Seit Mitte 2012 lud die mittelgroße Kreisstadt die Einwohnerinnen und Einwohner zur Weiterentwicklung der Stadt ein. Von außen betrachtet gibt es zwei wichtige Anlässe für Stadtverwaltung und Politik, sich darum zu kümmern, was aus der Stadt in Zukunft werden soll. Kurzfristig läuft das Sanierungsprogramm, in das die gesamte Innenstadt seit jetzt 35 Jahren einbezogen ist, in zwei Jahren aus. Mittelfristig verändert sich auch hier die Altersstruktur der Bevölkerung.

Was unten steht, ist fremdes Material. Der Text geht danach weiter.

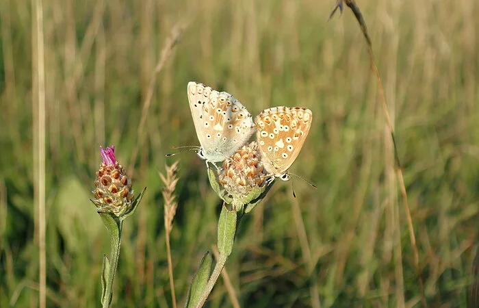 Deutschlands prächtigste und seltenste Spinne, die Zinnoberrote Röhrenspinne, ist Bewohnerin des Obereichstätter Hanges; das Männchen führt bei Gefahr mit seinem roten, schwarzbepunkteten Hinterleib wippende Drohbewegungen aus. Weniger auffällig und gerade deshalb etwas Besonderes ist die "Berghexe". Dieser graubraune, weißgefleckte Augenfalter ist zum einen sehr selten und zum anderen schwer zu entdecken. Wenn man Glück hat sieht man ihn kurz einmal unruhig über Kalksteinschutt huschen, aber dann verschwindet er ganz plötzlich. Das liegt daran, dass er mit geschlossenen Flügeln so gut getarnt ist und nahezu komplett mit dem Untergrund verschwimmt. Die Küchenschellen, die im Frühjahr mit ihrem leuchtenden Violett den Obereichstätter Hang überziehen, erhalten Besuch von der Zweifarbigen Schneckenhaus-Mauerbiene, deren Kopf und Brust samtschwarz behaart sind, während der Hinterleib rotgolden schimmert; diese Biene baut eines der wunderbarsten Nester: Für jedes Ei sucht sie ein leeres Schneckenhaus, bringt darin neben dem Ei Futter für die Larve unter, "vermauert" dann die Öffnung mit Steinchen und zerkauten Blättern und errichtet schließlich über dem Schneckenhaus ein zeltförmiges Schutzdach aus dürren Gräsern. Eines der sonderbarsten Tiere des Obereichstätter Hanges können wir antreffen, wenn wir einen größeren Kalkstein anheben. Häufig wimmelt es darunter von flinken schwarzblauen, braunfüßigen Bombardierkäfern. Werden die knapp 1 cm großen Käfer angegriffen, bringen sie im Hinterleib Drüsensekrete zur "Explosion", wodurch mit Gasdruck eine beißende Lösung ausgespritzt wird. Gelegentlich ist sogar der "Abschussknall" und der "Pulverdampf", ein kleines schleierartiges Wölkchen, wahrnehmbar. Selbst Vögel spucken einen Bombardierkäfer sofort wieder aus, wenn er ihre Mundhöhle "bombardiert".

Eine ganz neue Mode schwappt über uns herein. Bürgerbeteiligung ist das neue Credo. Wenn unangenehme Entscheidungen zu fällen sind, so der Befund aus der Psychologie, werden diese leichter akzeptiert und als sinnvoll integriert, wenn es zuvor die Möglichkeit gab, Einfluss auf die Entscheidung zu nehmen. So nervt Baulärm messbar weniger, wenn die Betroffenen informiert wurden, was geplant ist.

Deswegen also Bürgerbeteiligung. Nicht nur Information, „Abnahme“ des Konzeptes, nein, Mitarbeit beim Erstellen soll die Bindung der Betroffenen an die gefällten Entscheidungen verbessern.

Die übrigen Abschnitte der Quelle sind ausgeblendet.